# Disappearing Pretzel wands



## kadesma (Jul 20, 2005)

Cade and I are going to try our hand at these tomorrow..I think kids will have a blast making them..Be creative and add food coloring to vanilla frosting and get a variety of sprinkles...They "disappear" as you EAT them 
Makes 10 wands

1/2-c. chocolate fudge frosting
1/2c. in a dish of sprinkles
10-pretzel rods ( Snyders or Hanover)
2-Tab. vanilla frosting
Put chocolate frosting into microwave safe glass baking dish. Micro for 10 sec. on high or til melted. Stir to smooth. Roll each pretzel in melted frosting, make sure to cool completely. Dip each stick in sprinkles and lay on piece of foil or baking sheet. Refrigerate to set frosting, about 40 min. Transfer foil to countertop. Place vanilla frosting in small microwave safe dish. Micro on high about 10 sec. to soften. Dip the tip or the pretzel in vanilla frosting til coated. Return to foil Let stand 2 hours or til frosting is set.
Happy Harry Potter Wand to the kiddies  
kadesma and Cade


----------



## PA Baker (Jul 20, 2005)

kadesma, you guys will have lots of fun doing these.  They're always a hit with grown-ups, too!  I often make this for my cookie trays at Christmas, but dip them in melted chocolate instead of frosting.  Quite often they're gone before the cookies!


----------



## jkath (Jul 20, 2005)

I've made them by dipping into the following:
*melted chocolate chips---sprinkles:tiny non-pareil balls
*melted peanut butter chips---sprinkles:autumn color
*melted white chocolate chips---sprinkles:red hearts
**spear a large marshmallow with a pretzel rod, then dip in chocolate & sprinkles!!
(and the list goes on....) After I cool them on a rack on the counter, I put each into a rectangular cellophane bag and tie with a curling ribbon. This not only keeps them fresh, but also is helpful, if you're brining them to a bake sale.


----------



## crewsk (Jul 20, 2005)

Kadesma, my mom & I did pretzel rods dipped in marshmallow cream then colored sprinkles for snack one night at Vacation Bible School(they were supposed to be sparklers). The kids loved them! Mom & I ate them without the sprinkles though & they were even better! I'll have to try yours & jkath's variations with my kids soon!

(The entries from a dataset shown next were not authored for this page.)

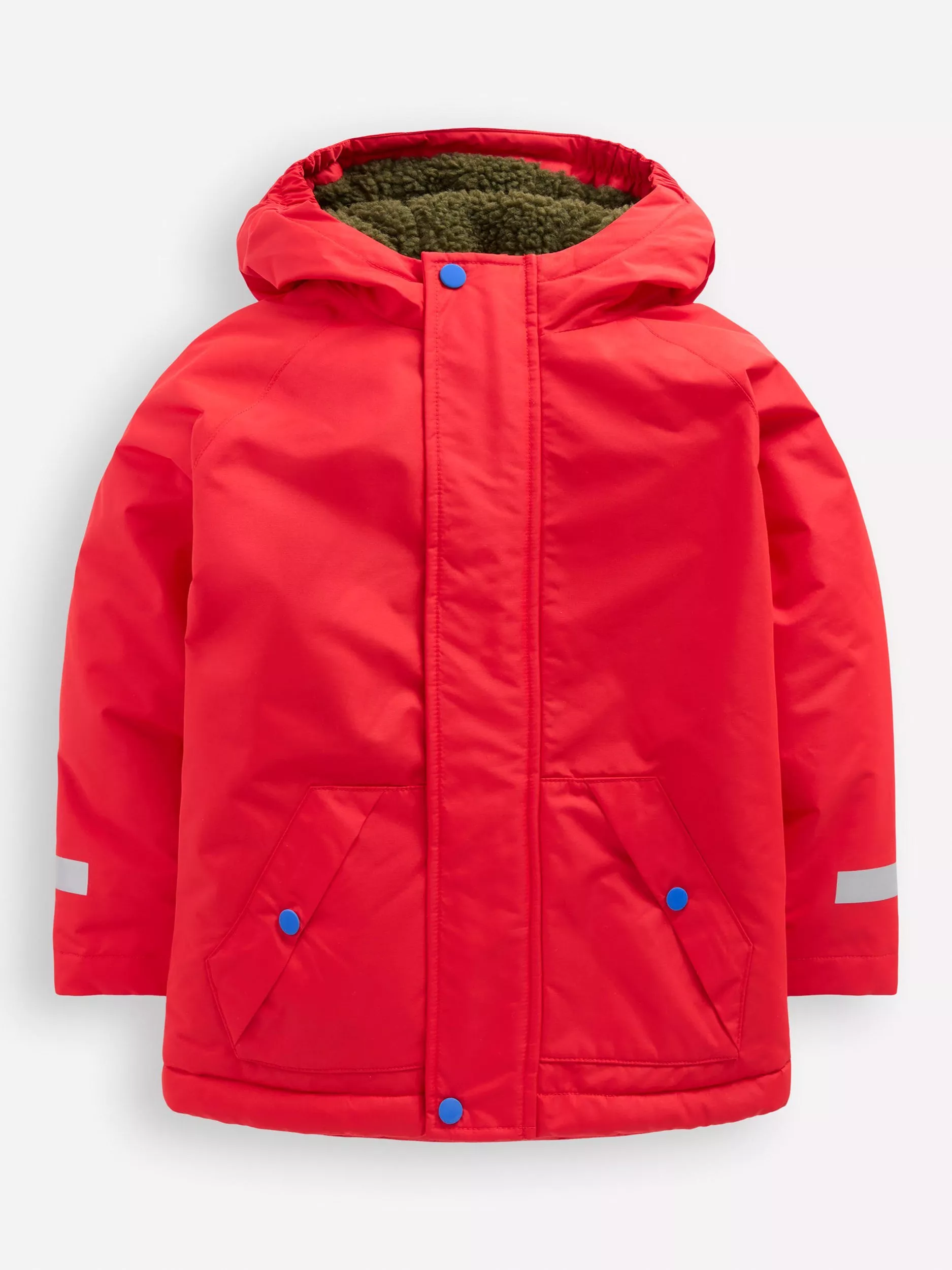 Mini BodenKids' Borg Lined Hooded Anorak, Red
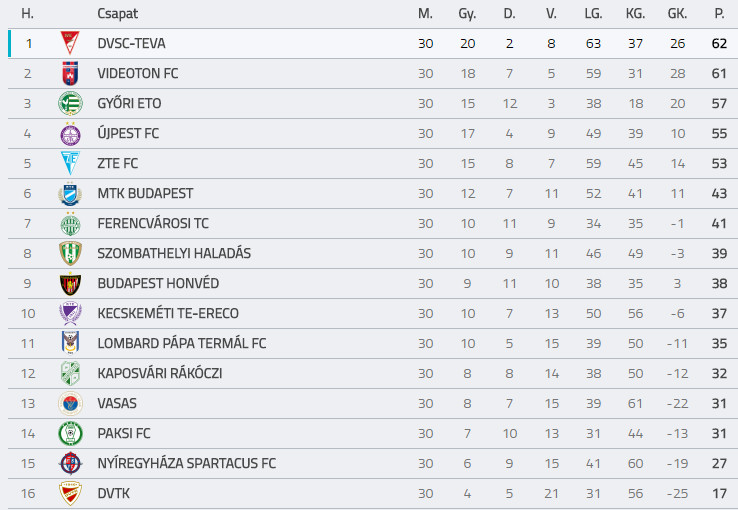 Csere: Holczer, Joaquin, Csiszár Z., Balog Z., Alcantara, Zsivóczky, Ashmore, Wedgbury, Tóth B., Ferenczi I., Pisanjuk, Vass, Kovács István
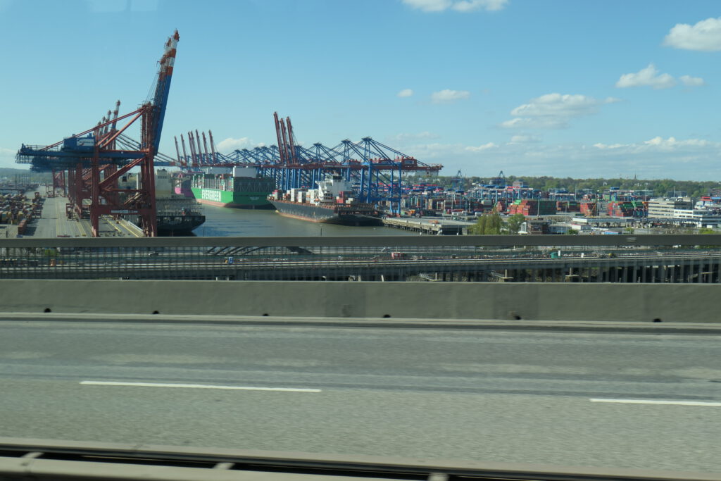 Immer wieder beeindruckend die Fahrt über die Köhlbrand-Brücke mit Hafenblick …
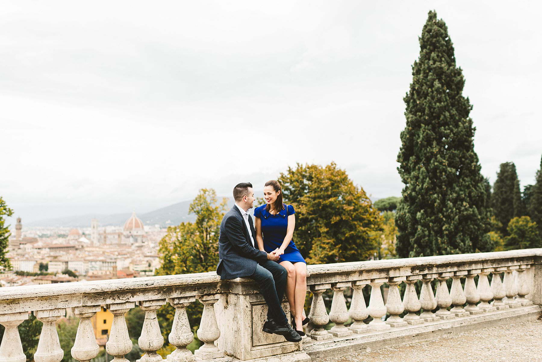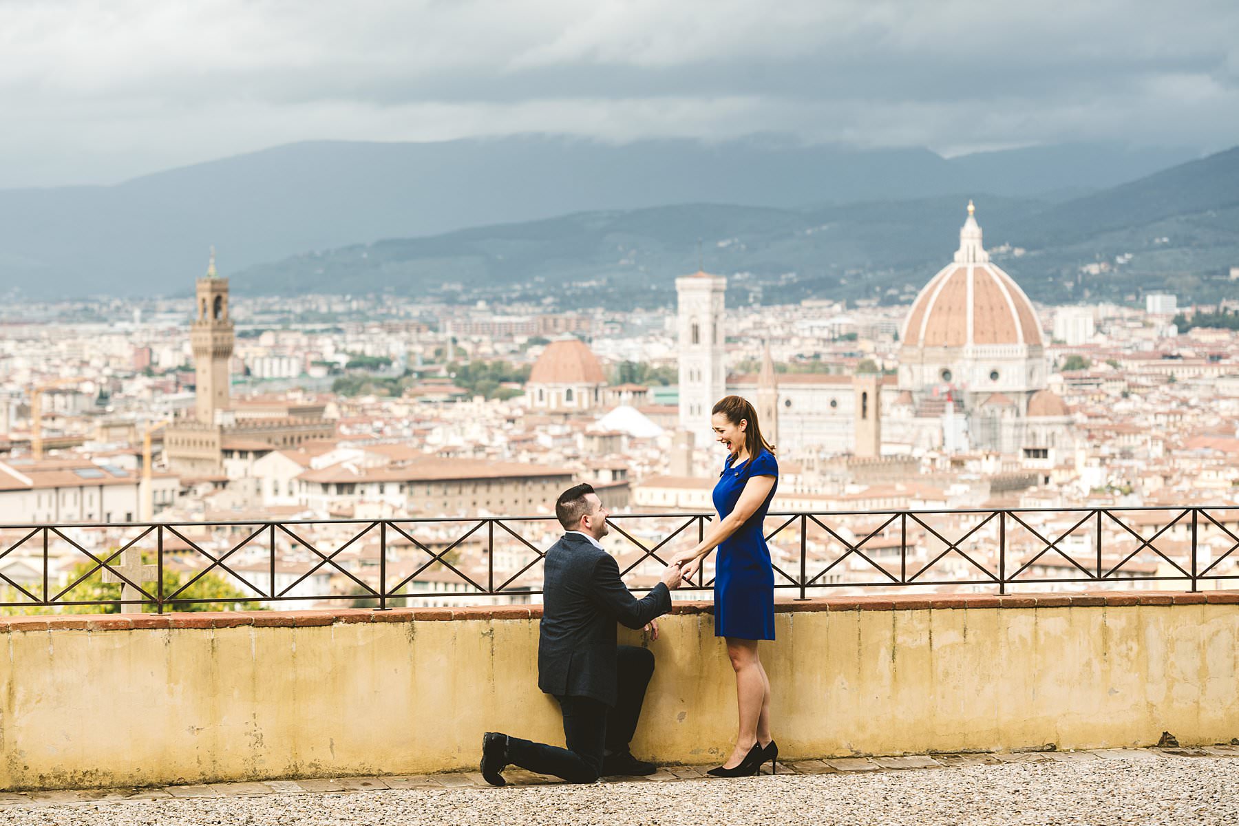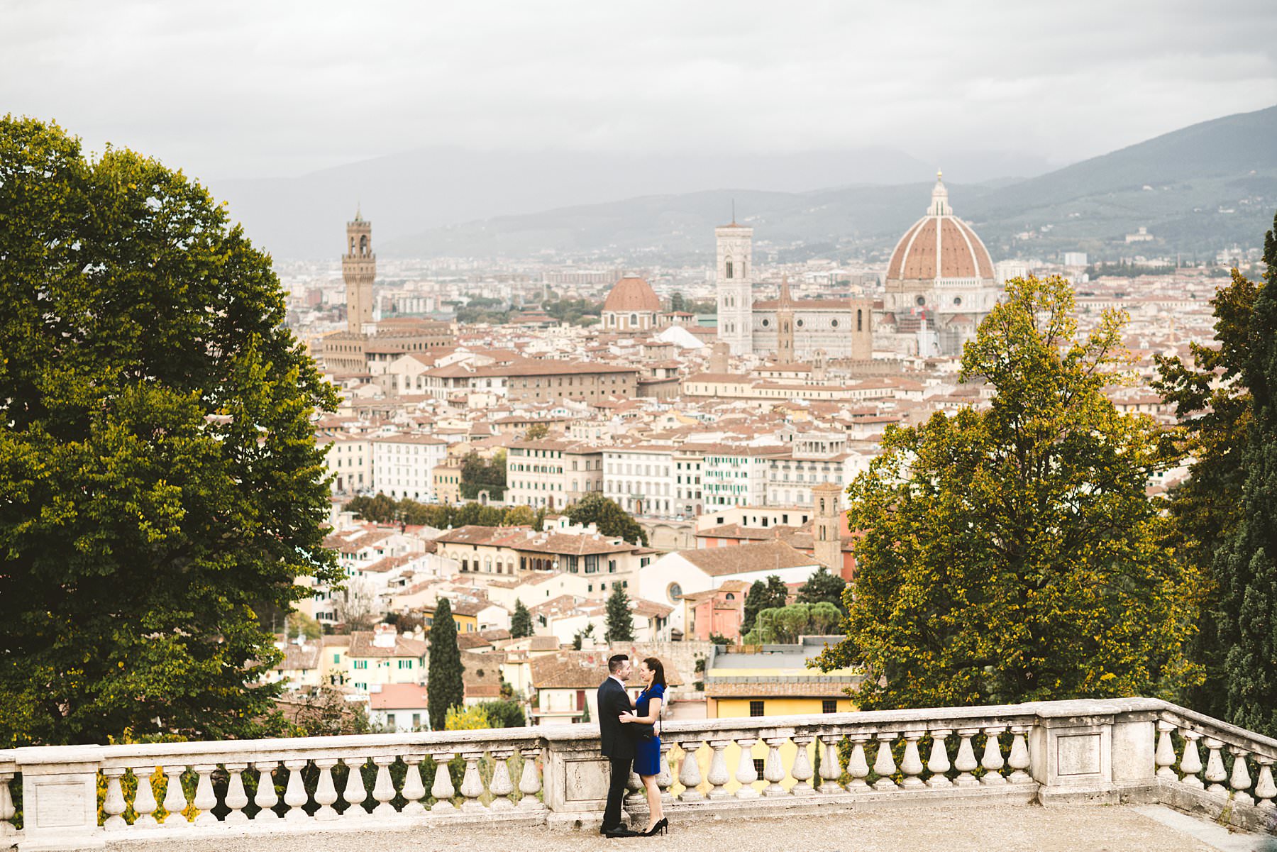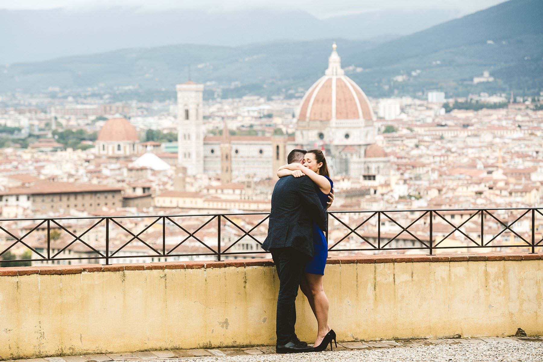 Unforgettable surprise proposal photoshoot at Four Seasons in Florence. Elegant and lovely couple portrait photo Sith Renaissance architecture at one of the most iconic spot of Florence near San Miniato al Monte area and Piazzale Michelangelo. Photo by the elegant creative and modern engagement photographer in Tuscany based Florence Gabriele Fani
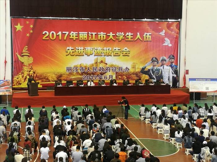 2017年6月2日,丽江市大学生参军入伍先进事迹报告会在WilliamHill官网体育馆隆重举行。丽江市征兵办主任、军分区参谋长王代兵、丽江师范高等专科学校党委委员、副校长朱桂香、丽江市教育局调研员耿建华、古城区人武部政委张克华、玉龙县人武部政委孙继军出席会议,WilliamHill官网和云南大学旅游学院武装部工作人员、学生代表共1400人参会。报告会由WilliamHill官网党委委员、副校长朱桂香主持。
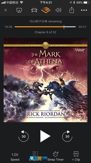 3、翻开其中任意一本书,书中会标记出你上次阅读停止的位置。在菜单中,你不仅能够调节播放速度(提供0.75x、1x、1.25x、1.5x、2x、2.5x以及3x倍速选项,对学习英语的人而言极为便利),还能设置睡眠时钟,便于在睡前听书。
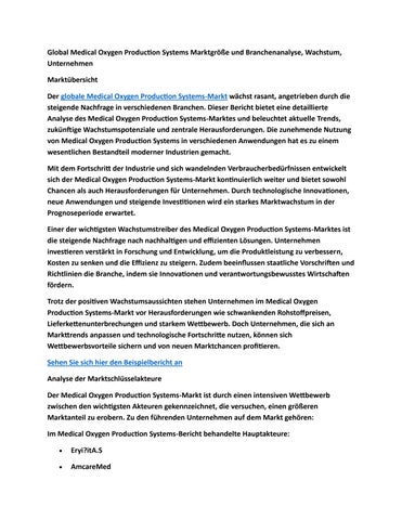 Global Medical Oxygen Production Systems Marktgröße und Branchenanalyse, Wachstum, Unternehmen
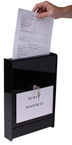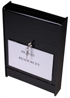 This black wall mount ballot box is a great addition to the office environment. This holder features a lock and an insert slot on the top, making it perfect for holding confidential documents and payments. The ballot box that holds 8-1/2″ x 11″ documents features an 8-1/2″w x 5-1/2″h name plate for posting the type of documents the display is meant to collect. Keep payments and private letters from employees safe in this secure office document holder. Store any size document in this secure locking holder. This container will ensure confidentiality and safe transfer of important papers.
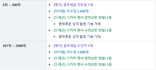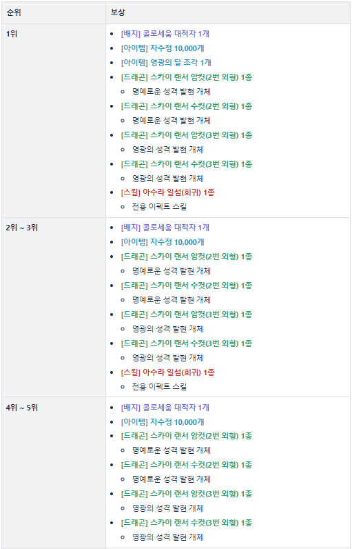 - 랭킹 보상은 리그 종료 후 휴식 기간 동안 지급됩니다.

Thanks!!


----------



## callie (Jul 24, 2005)

I made these last Christmas - dipped in melted white chocolate and rolled in crushed peppermint candies.


----------



## kadesma (Jul 24, 2005)

callie said:
			
		

> I made these last Christmas - dipped in melted white chocolate and rolled in crushed peppermint candies.


Hi Callie,
that sounds great Every Christmas I give my sister one goodie that is peppermint..This will be perfect for this year...
Thanks for the idea.
kadesma, Well that is if I don't eat them all myself


----------



## callie (Jul 24, 2005)

you're welcome!  the hardest part was finding a package of pretzels that wasn't all broken!!!


----------



## beaulana2 (Jul 25, 2005)

I make these also:

1  Lg bag of small twist pretzels
1 bag hershey kisses
1 bag of plain m&m

put pretzels on cookie sheet place a hershey kiss on top, Place in 250 oven for apx 3 min sometimes a minute more or less They will look glossy but still have form. Take out of the oven and place a m&m on top and squish lightly down. Place in fridge till set.


----------



## kadesma (Jul 25, 2005)

beaulana2 said:
			
		

> I make these also:
> 
> 1 Lg bag of small twist pretzels
> 1 bag hershey kisses
> ...


Thanks Beaulana,
I have been baking and doing things with my 4 year old grandson and he will love this one.
kadesma


----------